When the trial started, Toister tried to find out from Perez how Ovando
had known that the two officers were in the darkened upstairs apartment.
Perez, altering an earlier version of his story, explained that he had
not seen gang activity in the normally busy street below. The reason, he
suspected, was that a gang member had spotted his car, an unmarked blue
Taurus. Perez testified that he and Durden left the observation post, scaled
a 10-foot-high fence around the building, moved the car, then scaled the
fence again and returned to the apartment. According to Perez, Ovando supposedly
followed the officers into the building after seeing them climb the fence.
What fence? Toister wanted to know. It was not mentioned in the original
police report.
Toister asked the judge for a continuance to inspect the building and
see the fence. The judge refused. When Toister tried to cross-examine the
officers about discrepancies between their first report and their revised
account, the prosecutor objected and the judge sustained his objections.

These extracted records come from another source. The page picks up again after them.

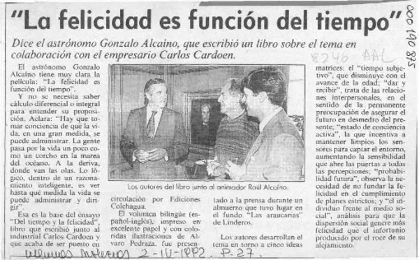 "La Felicidad es función del tiempo" [artículo]. retr.
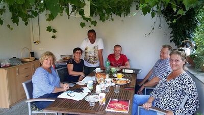 Zur Vorbereitung des 2. Halbjahrs trafen sich die SPD-Gemeinderäte im Garten der Fraktionsvorsitzenden Dagmar Elsenbusch zum Ideen- und Nachrichtenaustausch. Viele Themen wurden besprochen, wie z.B. das anstehende Bürgerbegehren, fehlende Sozialwohnungen und Kindergartenplätze, die Salzwiesen-Problematik, das geforderte Gewerbegebiet Bühl. Auffallend war, wie lange diese Punkte schon in der Pipeline liegen und nichts geschieht, obwohl die SPD-Gemeinderäte immer wieder nachgebohrt haben. In Pfinztal herrscht Stillstand, so die allgemeine Meinung. Anträge der Fraktionen müssen schneller behandelt und abgearbeitet werden. Gemeinderatsbeschlüsse müssen schneller herbeigeführt und umgesetzt werden. Trotz dieses unbefriedigenden Fazits ließen sich die SPD-Gemeinderäte die Laune nicht verderben. Das herrliche Wetter, Kaffee und Kuchen taten das Ihre, so dass die Mandatsträger mit frischem Schwung und hochmotiviert in die neue Sitzungssaison starten können. Von li.n.re.: Dagmar Elsenbusch, Angelika Konstandin, Thomas Vogt, Tilo Reeb, Reiner Kunzmann, Birgit Schneider.
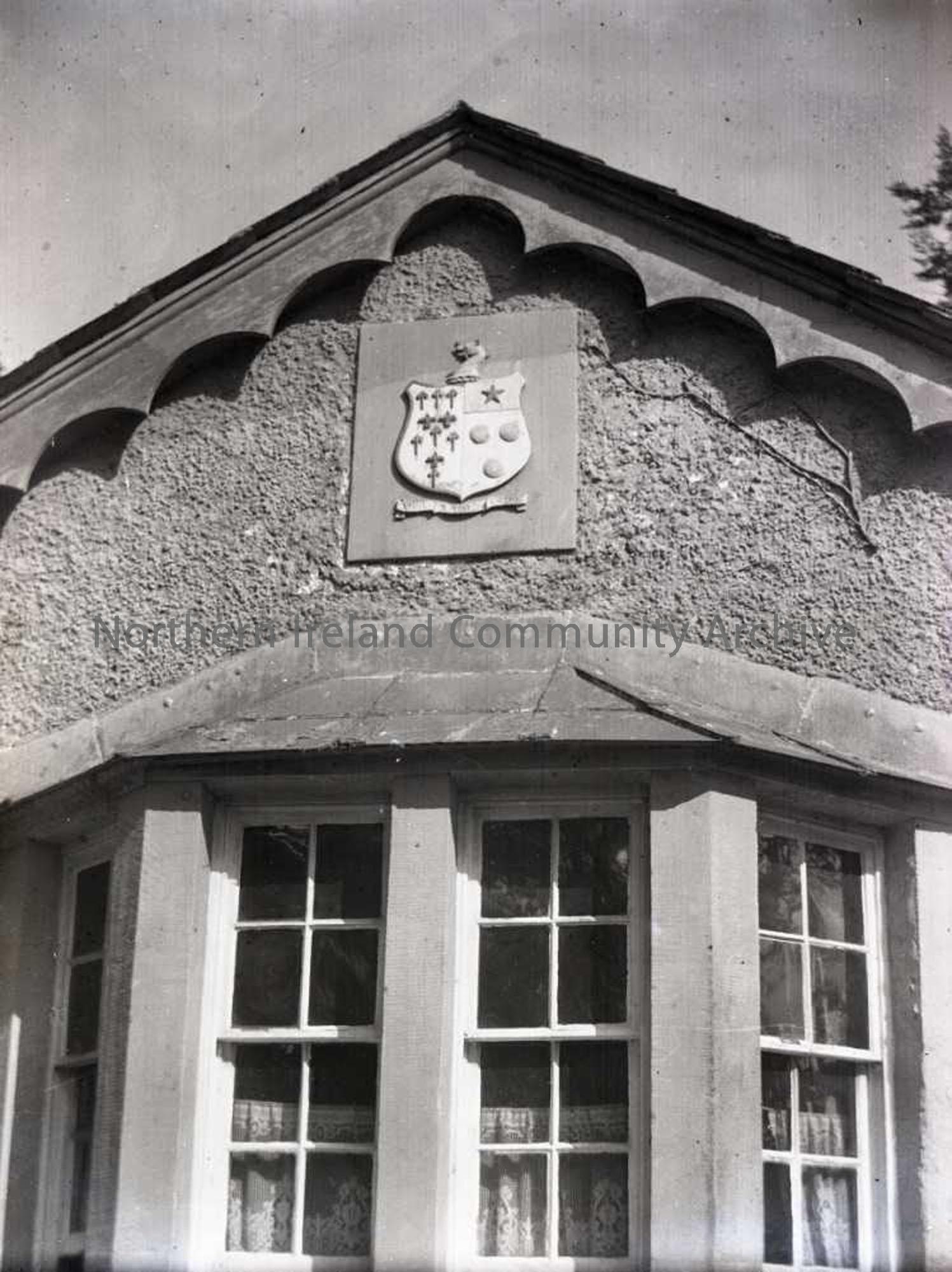 Close-up of detail - window and crest - on porter's lodge at Learmont. No 95 on Nature Slides list
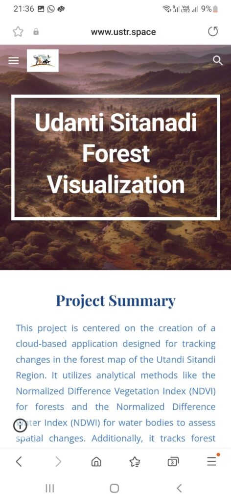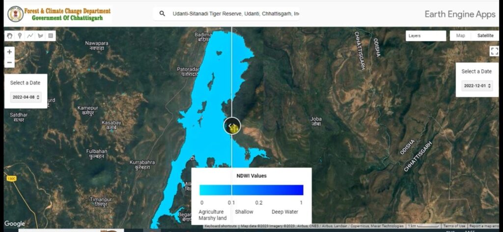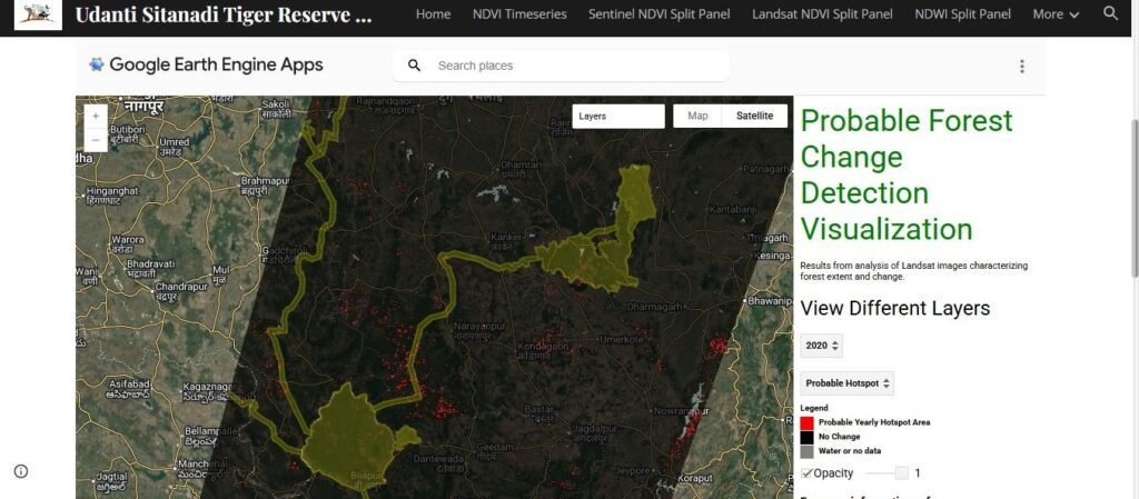 USTR का दूसरा नवाचार गूगल अर्थ इंजन आधारित रिमोट सेंसिंग और ड्रोन मैपिंग पोर्टल है, जो वन संसाधनों की निगरानी और प्रबंधन में महत्वपूर्ण भूमिका निभा रहा है। यह पोर्टल छत्तीसगढ़ और पड़ोसी राज्यों के 10 किलोमीटर के सीमावर्ती क्षेत्रों की सैटेलाइट छवियों पर एआई-एमएल का उपयोग करके वन आवरण में कमी, अवैध कटाई और सतही जल हानि का पता लगाने में मदद करता है।
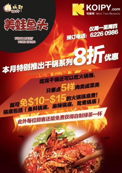 说起《我是歌手》黄妈都爱去的美蛙鱼头,吃过的小伙伴一定对下图不陌生了吧!这家由新加坡人气川菜馆【老成都川菜】开设的火锅姐妹店,自开业以来就以鲜、香、嫩、美的食材和地道的四川秘制香辣锅底在吃货圈赢得了不错的口碑!现在,她家除了全新的冷气系统(吃火锅也不怕热啦),还有全新吃法哦!

Throughout the trial, Toister couldn't seem to catch a break. "What happened
was dirty," she told me later. "I did all I could but I wasn't allowed
to put on a defense."
Ovando, stoic in his courtroom demeanor, was becoming increasingly desperate.

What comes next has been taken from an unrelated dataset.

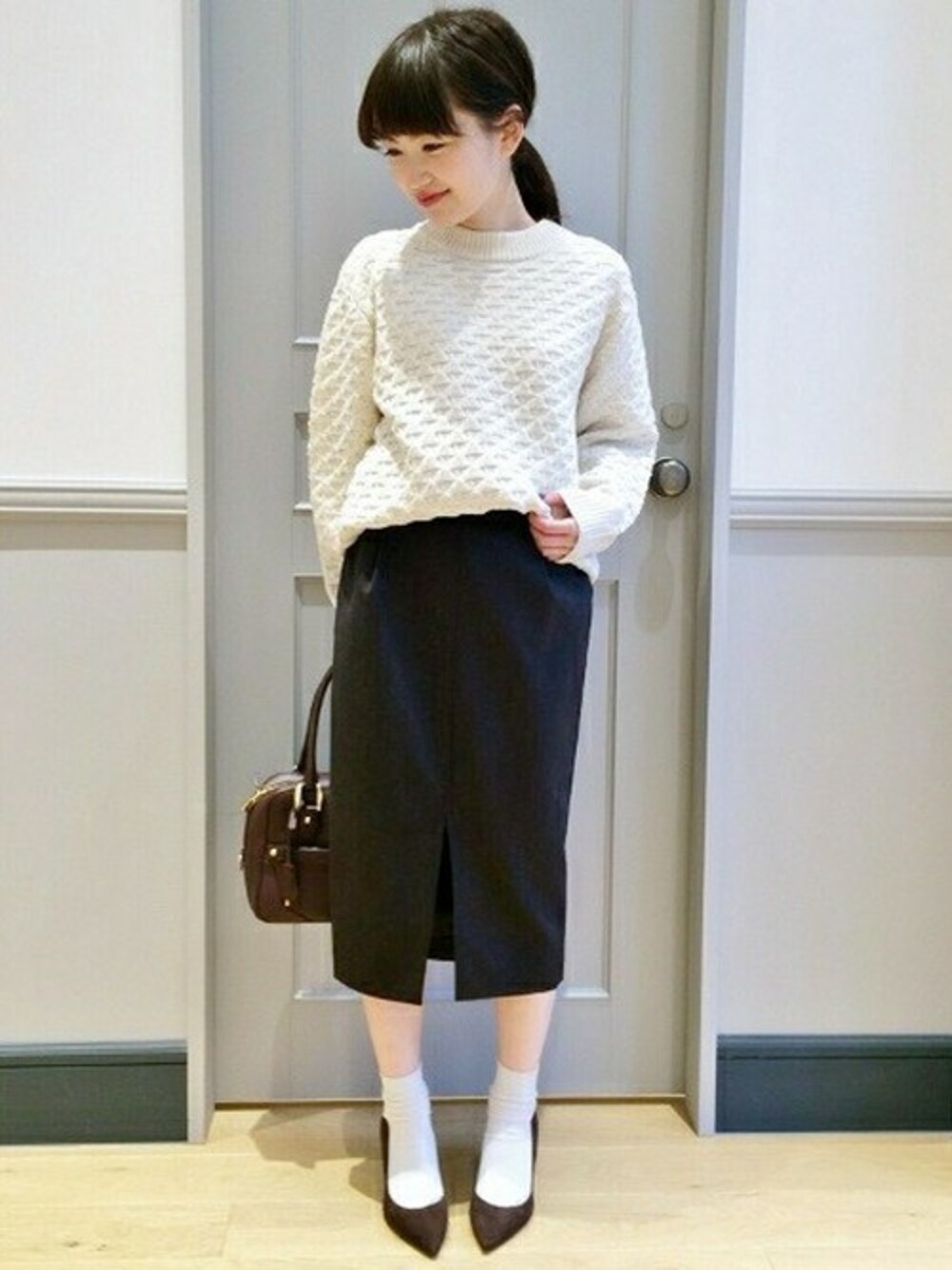 今シーズントレンドのゆったりニットにタイトスカートをあわせて。 袖のフォルムが可愛いですね。
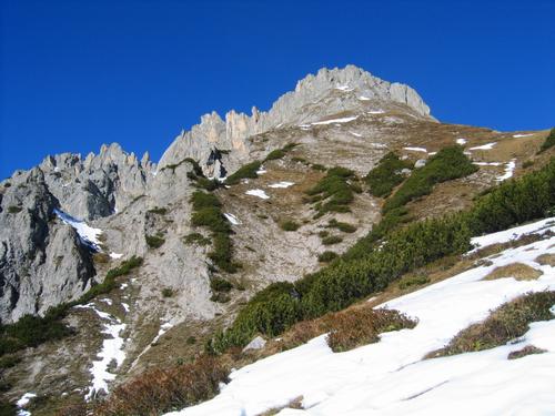 | Noch sind es ca. 300 Höhenmeter bis zum Gipfelkreuz, bei dem wir immer wieder einige Wanderer erkannten. Beim Abstieg kamen uns 4 Wanderer entgegen, beim Gipfel selbst kamen 2 Wanderer nach, und beim Abstieg stiegen noch 3 weitere Wanderer auf. |

To complicate things, Valenzuela had told him she was pregnant. "I became
very sad," he said quietly. "I cried. I admit I cried. What could I do?"
The trial lasted a week and ended on Feb. 20, with the jury finding Javier
Ovando guilty of all charges. Judge Czuleger sentenced him to 23 years
in prison, declining a request for leniency because, he said, Ovando had
shown no remorse for his crimes.
afael Perez, who was to become
a golden boy of the rampart Crash unit, was born in Puerto Rico in 1967
and came to the United States when he was a small child. After several
moves he landed in Philadelphia, where he was reared by his mother. His
lawyer, Winston Kevin McKesson, said that Perez remembers standing on a
street corner as a boy, watching drug dealers and imagining that he would
one day be the cop who arrested them -- just like the L.A.P.D. officers
on "Adam-12." Perez graduated from high school in 1985 and joined the Marines.
In 1989, he was hired by the L.A.P.D.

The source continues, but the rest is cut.